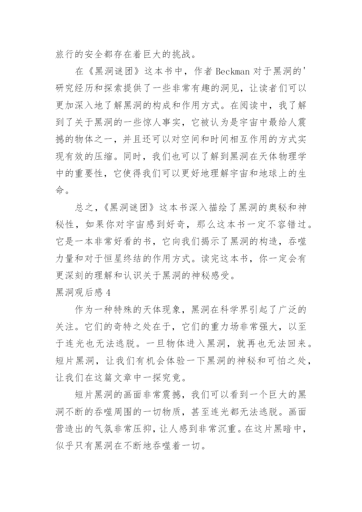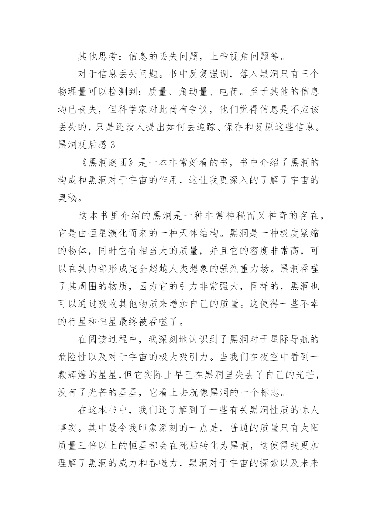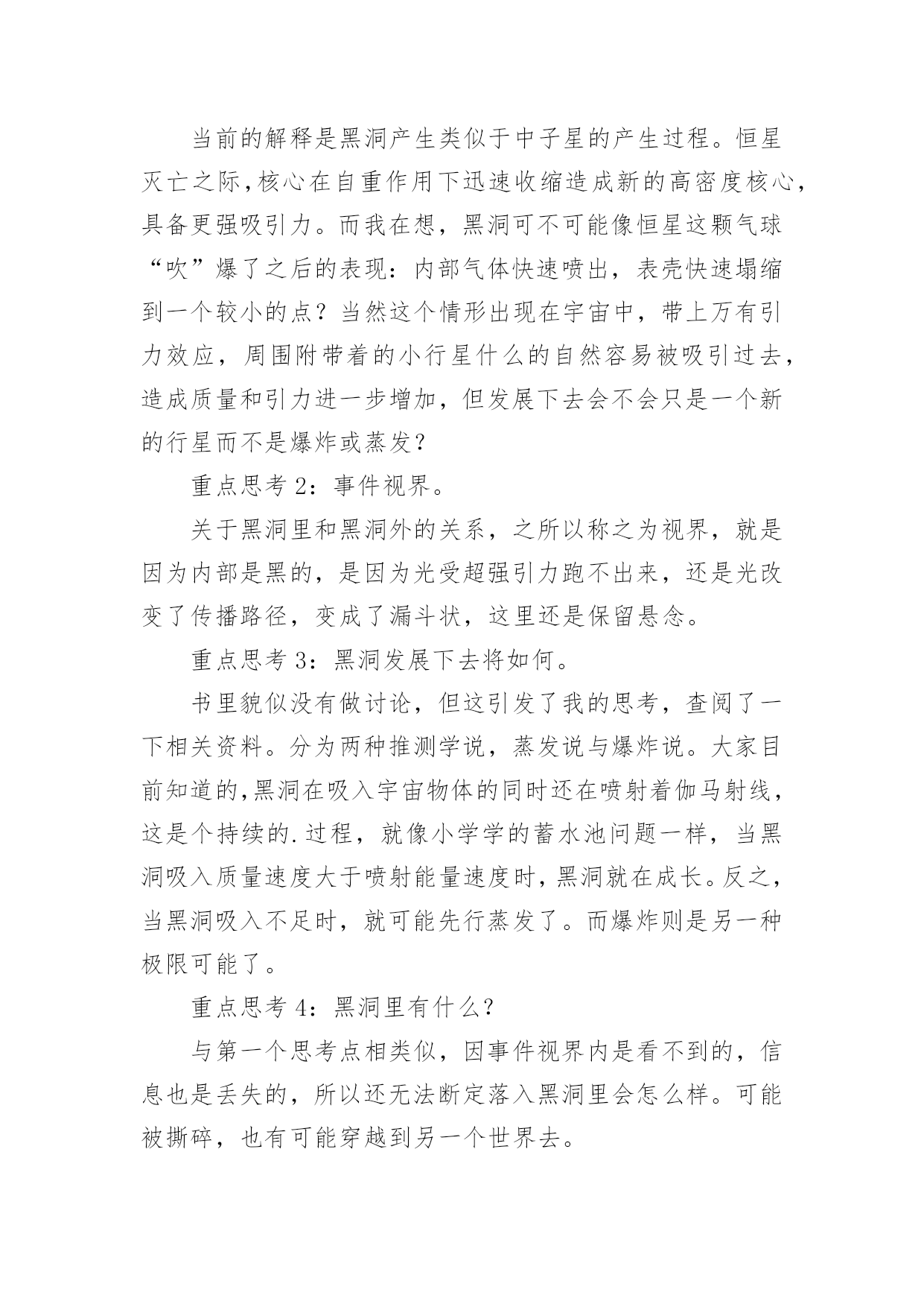 黑洞观后感黑洞观后感当观看完一部作品后,相信大家的收获肯定不少吧,为此就要认真思考观后感如何写了。是不是无从下笔、没有头绪?下面是小编为大家收集的黑洞观后感,欢迎阅读与收藏。黑洞观后感1一部短片,却足以引领人们深入思考自己的生活,思考人类对于时间、空间的探索和认知。这就是《短片黑洞》所带给我的震撼。这部短片讲述的是一位年轻女孩与她在一起的母亲,一次的车祸,以及突如其来的惊叹和思考。女孩在车祸之后发现,她与母亲的时间似乎是被扭曲的,甚至像是穿越了时间和空间。她被黑洞的力量吞噬,让她更深入地理解时间的流逝以及人生的脆弱。黑洞的引力足以让她产生新的想法和情感,并且重新看待她的人生。这一场景,让我们不禁想到人类对于宇宙和时间的探索,而这样的探索,更加的需要勇敢和创造力。影片的设计和制作很出色,特效表现尤其值得称赞。黑洞的特效展现十分奇妙,暗黑的漩涡让我们仿佛看到虚空的深处。而在片中的装饰和视觉效果也让人惊叹。动画的张力和手法以及演员的表现,展现出了制作人们对于故事和情节所注重的细节。整部短片散发出一系列令人印象深刻的气息,让观众有了深思熟虑的机会。就如同电影中的.主角一样,我们需要抓住这个机会,去思考自己的生活。尤为重要的是,我们无法预知未来,也无从知晓我们的一生究竟发生了什么。我们常常会觉得,我们一定能够辨认出来,将我们引导向正确的道路。而实际上,这些道路是受众多因素影响的,我们更为需要进一步地了解生命究竟是什么。短片黑洞观后感,令我想起了令人感慨的一句话:时间如同流水,莫过于一弯弯,一曲曲的小径,它充满了无数的变数和未知的未来。整部短片或许只有一个时长,但是它令人感慨良多,让人们从不同的视角去审视生活。无论你是何种身份,社会地位,或者是年龄,都需要有一种对于人生的敬畏之心。整部短片深入人心,予人深思。短片黑洞观后感,让我思考时间和空间的本质,也让我思考我的人生究竟是如何充满着未知量,亦或是如何在未来中实现自己的梦想。这部短片也让我想尝试去更好地探索自己,去创造属于自己的未来。黑洞观后感220xx年泛读第61本书,精读第9本。一句话总结:里面有很多拗口难懂的术语,事件视界、奇点、量子效应等等。但透过科学我们也可以清晰视野,扩大脑洞,对很多晦涩难懂的奥义有了新的假设可能。重点思考1:黑洞的产生。当前的解释是黑洞产生类似于中子星的产生过程。恒星灭亡之际,核心在自重作用下迅速收缩造成新的高密度核心,具备更强吸引力。而我在想,黑洞可不可能像恒星这颗气球“吹”爆了之后的表现:内部气体快速喷出,表壳快速塌缩到一个较小的点?当然这个情形出现在宇宙中,带上万有引力效应,周围附带着的小行星什么的自然容易被吸引过去,造成质量和引力进一步增加,但发展下去会不会只是一个新的行星而不是爆炸或蒸发?重点思考2:事件视界。关于黑洞里和黑洞外的关系,之所以称之为视界,就是因为内部是黑的,是因为光受超强引力跑不出来,还是光改变了传播路径,变成了漏斗状,这里还是保留悬念。重点思考3:黑洞发展下去将如何。书里貌似没有做讨论,但这引发了我的思考,查阅了一下相关资料。分为两种推测学说,蒸发说与爆炸说。大家目前知道的,黑洞在吸入宇宙物体的同时还在喷射着伽马射线,这是个持续的.过程,就像小学学的蓄水池问题一样,当黑洞吸入质量速度大于喷射能量速度时,黑洞就在成长。反之,当黑洞吸入不足时,就可能先行蒸发了。而爆炸则是另一种极限可能了。重点思考4:黑洞里有什么?与第一个思考点相类似,因事件视界内是看不到的,信息也是丢失的,所以还无法断定落入黑洞里会怎么样。可能被撕碎,也有可能穿越到另一个世界去。其他思考:信息的丢失问题,上帝视角问题等。对于信息丢失问题。书中反复强调,落入黑洞只有三个物理量可以检测到:质量、角动量、电荷。至于其他的信息均已丧失,但科学家对此尚有争议,他们觉得信息是不应该丢失的,只是还没人提出如何去追踪、保存和复原这些信息。黑洞观后感3《黑洞谜团》是一本非常好看的书,书中介绍了黑洞的构成和黑洞对于宇宙的作用,这让我更深入的了解了宇宙的奥秘。这本书里介绍的黑洞是一种非常神秘而又神奇的存在,它是由恒星演化而来的一种天体结构。黑洞是一种极度紧缩的物体,同时它有相当大的质量,并且它的密度非常高,可以在其内部形成完全超越人类想象的强烈重力场。黑洞吞噬了其周围的物质,因为它的引力非常强大,同样的,黑洞也可以通过吸收其他物质来增加自己的质量。这使得一些不幸的行星和恒星最终被吞噬了。在阅读过程中,我深刻地认识到了黑洞对于星际导航的危险性以及对于宇宙的极大吸引力。当我们在夜空中看到一颗辉煌的星星,但它实际上早已在黑洞里失去了自己的光芒,没有了光芒的星星,它看上去就像黑洞的一个标志。在这本书中,我们还了解到了一些有关黑洞性质的惊人事实。其中最令我印象深刻的一点是,普通的质量只有太阳质量
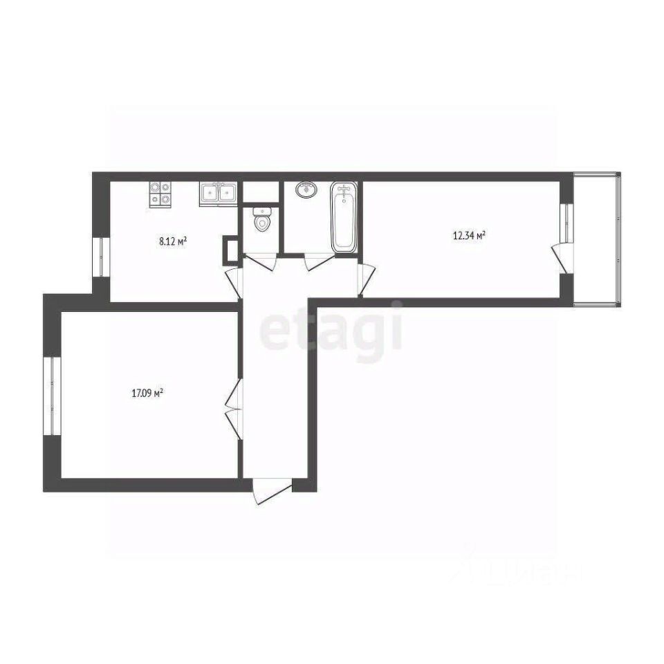 Общая площадь квартиры составляет 51,4 квадратных метров. Две изолированные комнаты и кухня. Раздельный санузел. Высота потолков  2,7 метра. Большие вместительные антресоли. Лоджия как отдельная комната.
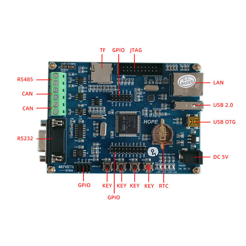 Placa de Desarrollo ARM STM32F407VET6 con RS232, RS485, Doble CAN y Ethernet
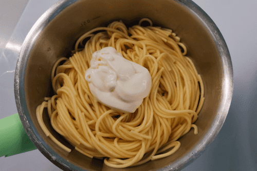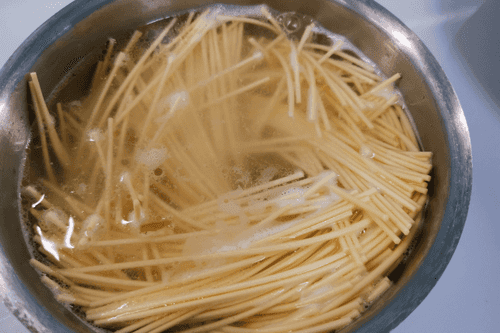 Вскипятить воду для лапши. Посолить и добавить масло.

TASK GOAL: Hand back the data above exactly, leaving out all pictures.

SOLUTION:
 黑洞观后感黑洞观后感当观看完一部作品后,相信大家的收获肯定不少吧,为此就要认真思考观后感如何写了。是不是无从下笔、没有头绪?下面是小编为大家收集的黑洞观后感,欢迎阅读与收藏。黑洞观后感1一部短片,却足以引领人们深入思考自己的生活,思考人类对于时间、空间的探索和认知。这就是《短片黑洞》所带给我的震撼。这部短片讲述的是一位年轻女孩与她在一起的母亲,一次的车祸,以及突如其来的惊叹和思考。女孩在车祸之后发现,她与母亲的时间似乎是被扭曲的,甚至像是穿越了时间和空间。她被黑洞的力量吞噬,让她更深入地理解时间的流逝以及人生的脆弱。黑洞的引力足以让她产生新的想法和情感,并且重新看待她的人生。这一场景,让我们不禁想到人类对于宇宙和时间的探索,而这样的探索,更加的需要勇敢和创造力。影片的设计和制作很出色,特效表现尤其值得称赞。黑洞的特效展现十分奇妙,暗黑的漩涡让我们仿佛看到虚空的深处。而在片中的装饰和视觉效果也让人惊叹。动画的张力和手法以及演员的表现,展现出了制作人们对于故事和情节所注重的细节。整部短片散发出一系列令人印象深刻的气息,让观众有了深思熟虑的机会。就如同电影中的.主角一样,我们需要抓住这个机会,去思考自己的生活。尤为重要的是,我们无法预知未来,也无从知晓我们的一生究竟发生了什么。我们常常会觉得,我们一定能够辨认出来,将我们引导向正确的道路。而实际上,这些道路是受众多因素影响的,我们更为需要进一步地了解生命究竟是什么。短片黑洞观后感,令我想起了令人感慨的一句话:时间如同流水,莫过于一弯弯,一曲曲的小径,它充满了无数的变数和未知的未来。整部短片或许只有一个时长,但是它令人感慨良多,让人们从不同的视角去审视生活。无论你是何种身份,社会地位,或者是年龄,都需要有一种对于人生的敬畏之心。整部短片深入人心,予人深思。短片黑洞观后感,让我思考时间和空间的本质,也让我思考我的人生究竟是如何充满着未知量,亦或是如何在未来中实现自己的梦想。这部短片也让我想尝试去更好地探索自己,去创造属于自己的未来。黑洞观后感220xx年泛读第61本书,精读第9本。一句话总结:里面有很多拗口难懂的术语,事件视界、奇点、量子效应等等。但透过科学我们也可以清晰视野,扩大脑洞,对很多晦涩难懂的奥义有了新的假设可能。重点思考1:黑洞的产生。当前的解释是黑洞产生类似于中子星的产生过程。恒星灭亡之际,核心在自重作用下迅速收缩造成新的高密度核心,具备更强吸引力。而我在想,黑洞可不可能像恒星这颗气球“吹”爆了之后的表现:内部气体快速喷出,表壳快速塌缩到一个较小的点?当然这个情形出现在宇宙中,带上万有引力效应,周围附带着的小行星什么的自然容易被吸引过去,造成质量和引力进一步增加,但发展下去会不会只是一个新的行星而不是爆炸或蒸发?重点思考2:事件视界。关于黑洞里和黑洞外的关系,之所以称之为视界,就是因为内部是黑的,是因为光受超强引力跑不出来,还是光改变了传播路径,变成了漏斗状,这里还是保留悬念。重点思考3:黑洞发展下去将如何。书里貌似没有做讨论,但这引发了我的思考,查阅了一下相关资料。分为两种推测学说,蒸发说与爆炸说。大家目前知道的,黑洞在吸入宇宙物体的同时还在喷射着伽马射线,这是个持续的.过程,就像小学学的蓄水池问题一样,当黑洞吸入质量速度大于喷射能量速度时,黑洞就在成长。反之,当黑洞吸入不足时,就可能先行蒸发了。而爆炸则是另一种极限可能了。重点思考4:黑洞里有什么?与第一个思考点相类似,因事件视界内是看不到的,信息也是丢失的,所以还无法断定落入黑洞里会怎么样。可能被撕碎,也有可能穿越到另一个世界去。其他思考:信息的丢失问题,上帝视角问题等。对于信息丢失问题。书中反复强调,落入黑洞只有三个物理量可以检测到:质量、角动量、电荷。至于其他的信息均已丧失,但科学家对此尚有争议,他们觉得信息是不应该丢失的,只是还没人提出如何去追踪、保存和复原这些信息。黑洞观后感3《黑洞谜团》是一本非常好看的书,书中介绍了黑洞的构成和黑洞对于宇宙的作用,这让我更深入的了解了宇宙的奥秘。这本书里介绍的黑洞是一种非常神秘而又神奇的存在,它是由恒星演化而来的一种天体结构。黑洞是一种极度紧缩的物体,同时它有相当大的质量,并且它的密度非常高,可以在其内部形成完全超越人类想象的强烈重力场。黑洞吞噬了其周围的物质,因为它的引力非常强大,同样的,黑洞也可以通过吸收其他物质来增加自己的质量。这使得一些不幸的行星和恒星最终被吞噬了。在阅读过程中,我深刻地认识到了黑洞对于星际导航的危险性以及对于宇宙的极大吸引力。当我们在夜空中看到一颗辉煌的星星,但它实际上早已在黑洞里失去了自己的光芒,没有了光芒的星星,它看上去就像黑洞的一个标志。在这本书中,我们还了解到了一些有关黑洞性质的惊人事实。其中最令我印象深刻的一点是,普通的质量只有太阳质量
 Общая площадь квартиры составляет 51,4 квадратных метров. Две изолированные комнаты и кухня. Раздельный санузел. Высота потолков  2,7 метра. Большие вместительные антресоли. Лоджия как отдельная комната.
 Placa de Desarrollo ARM STM32F407VET6 con RS232, RS485, Doble CAN y Ethernet
 Вскипятить воду для лапши. Посолить и добавить масло.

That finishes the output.